PROBLEM STATEMENT: Return, exactly as written, every line from the first line of the data below through the line that contains "This incremental rotary".

INFORMATION PROVIDED:
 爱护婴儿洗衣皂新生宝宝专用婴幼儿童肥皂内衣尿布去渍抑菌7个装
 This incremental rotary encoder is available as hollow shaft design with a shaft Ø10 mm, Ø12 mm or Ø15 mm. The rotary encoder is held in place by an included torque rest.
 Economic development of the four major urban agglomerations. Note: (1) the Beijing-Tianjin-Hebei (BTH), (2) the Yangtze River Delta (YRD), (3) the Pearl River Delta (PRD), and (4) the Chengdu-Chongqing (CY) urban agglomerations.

SOLUTION BELOW:
 爱护婴儿洗衣皂新生宝宝专用婴幼儿童肥皂内衣尿布去渍抑菌7个装
 This incremental rotary encoder is available as hollow shaft design with a shaft Ø10 mm, Ø12 mm or Ø15 mm. The rotary encoder is held in place by an included torque rest.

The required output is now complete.